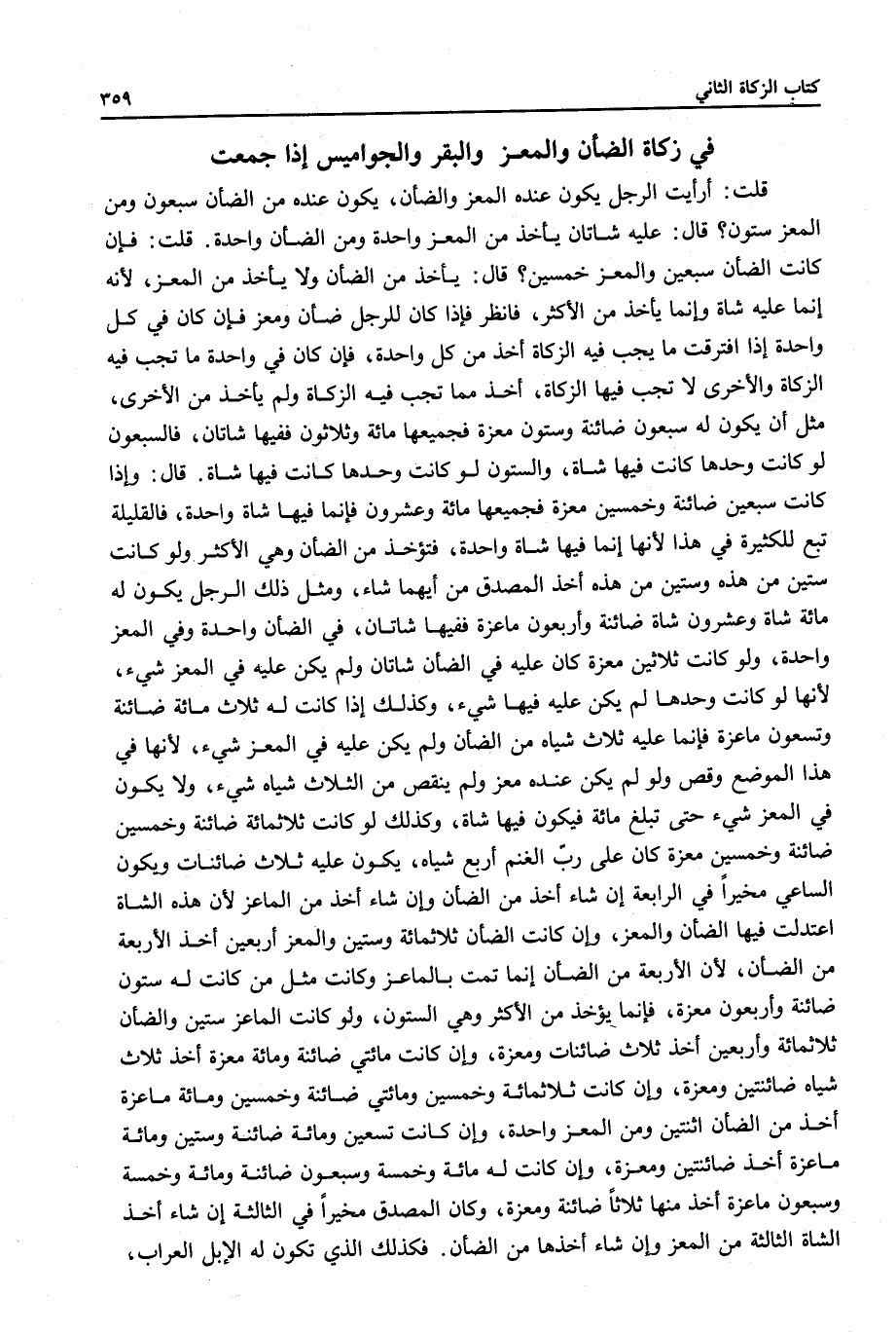فِي زَكَاةِ الضَّأْنِ وَالْمَعْزِ وَالْبَقَرِ وَالْجَوَامِيسِ إذَا جُمِعَتْ قُلْتُ: أَرَأَيْتَ الرَّجُلَ يَكُونُ عِنْدَهُ الْمَعْزُ وَالضَّأْنُ، يَكُونُ عِنْدَهُ مِنْ الضَّأْنِ سَبْعُونَ وَمِنْ الْمَعْزِ سِتُّونَ؟
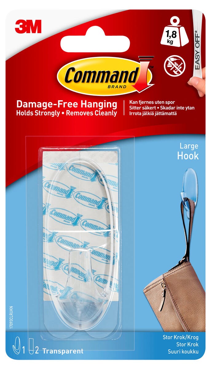 • Command stor gjennomsiktig krok – sitter godt uten å skade underlaget.
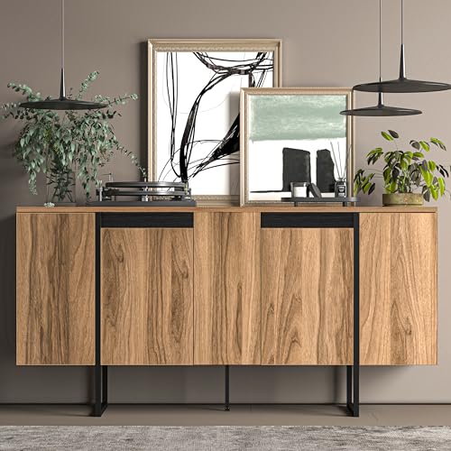 OPODEE Modern TV stand cabinet and tv unit for living room media set-ups, 180 x 40 x 40.5 cm Wood media cabinet with 4 doors, soft-close hinges, aluminium handles and iron legs
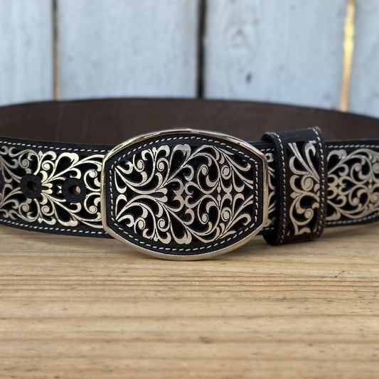 Silver "Chalino" Laser Cut Belt - Western Belts for Men
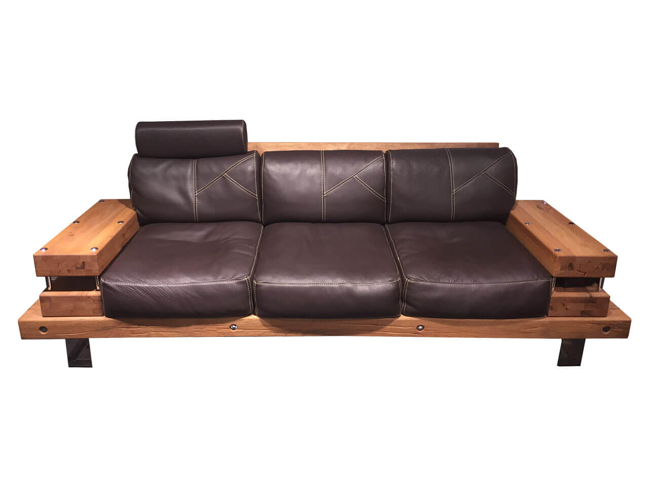 Canapé* 3 places en chêne des marais brossé massif huilé nature patiné (2), assise et dossier en cuir Nacken-Leder Braun et coutures contrastées nature, piétement en métal, avec appui-tête en cuir
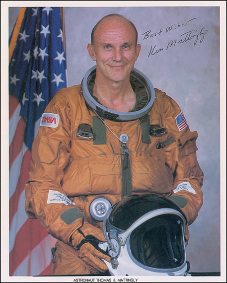 Color 8 x 10 NASA photo of Mattingly posing in his beige spacesuit, signed in black ink, “Best wishes—Ken Mattingly.” In fine condition.
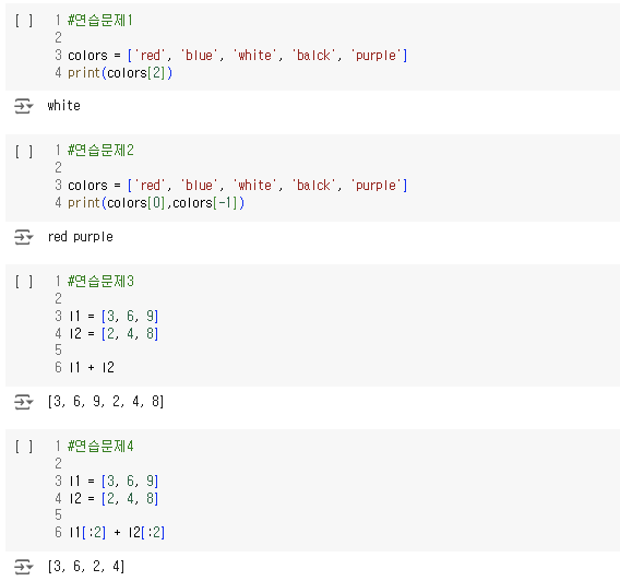 colors = ['red', 'blue', 'white', 'black', 'purple']
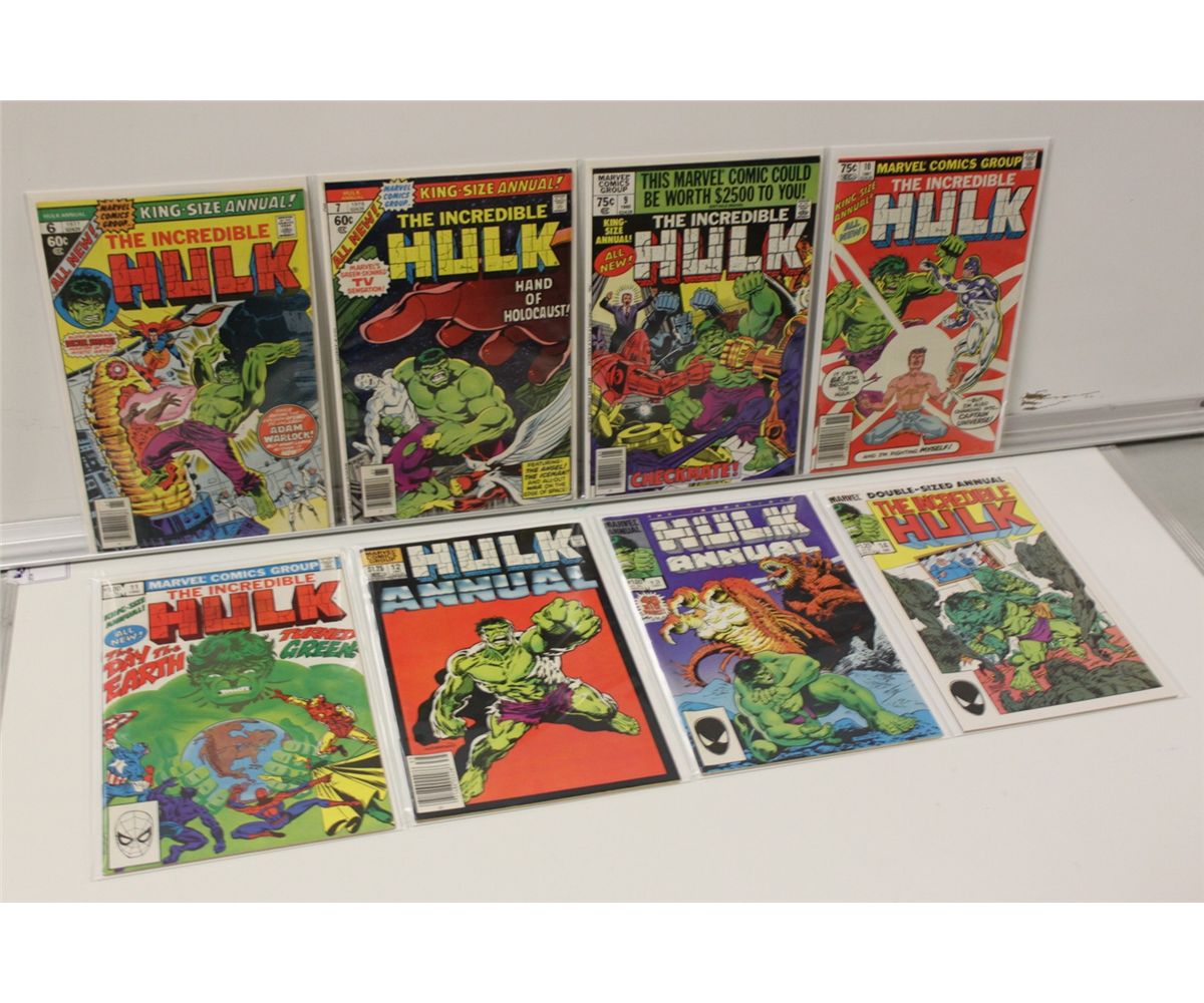 INCREDIBLE HULK ANNUALS RUN #'S 6-7, 9-19, '97 & '98 + 1 BRONZE ONE SHOT.  16 ISSUES TOTAL (1977 - 98) MIXED GRADE WITH MANY HIGHER

- TASK DETAILS -
Transcribe the opening line of the listing above, please, and every line after it through the line with "Canapé* 3 places", word for word, without pictures.

- EXERCISE RESPONSE -
فِي زَكَاةِ الضَّأْنِ وَالْمَعْزِ وَالْبَقَرِ وَالْجَوَامِيسِ إذَا جُمِعَتْ قُلْتُ: أَرَأَيْتَ الرَّجُلَ يَكُونُ عِنْدَهُ الْمَعْزُ وَالضَّأْنُ، يَكُونُ عِنْدَهُ مِنْ الضَّأْنِ سَبْعُونَ وَمِنْ الْمَعْزِ سِتُّونَ؟
 • Command stor gjennomsiktig krok – sitter godt uten å skade underlaget.
 OPODEE Modern TV stand cabinet and tv unit for living room media set-ups, 180 x 40 x 40.5 cm Wood media cabinet with 4 doors, soft-close hinges, aluminium handles and iron legs
 Silver "Chalino" Laser Cut Belt - Western Belts for Men
 Canapé* 3 places en chêne des marais brossé massif huilé nature patiné (2), assise et dossier en cuir Nacken-Leder Braun et coutures contrastées nature, piétement en métal, avec appui-tête en cuir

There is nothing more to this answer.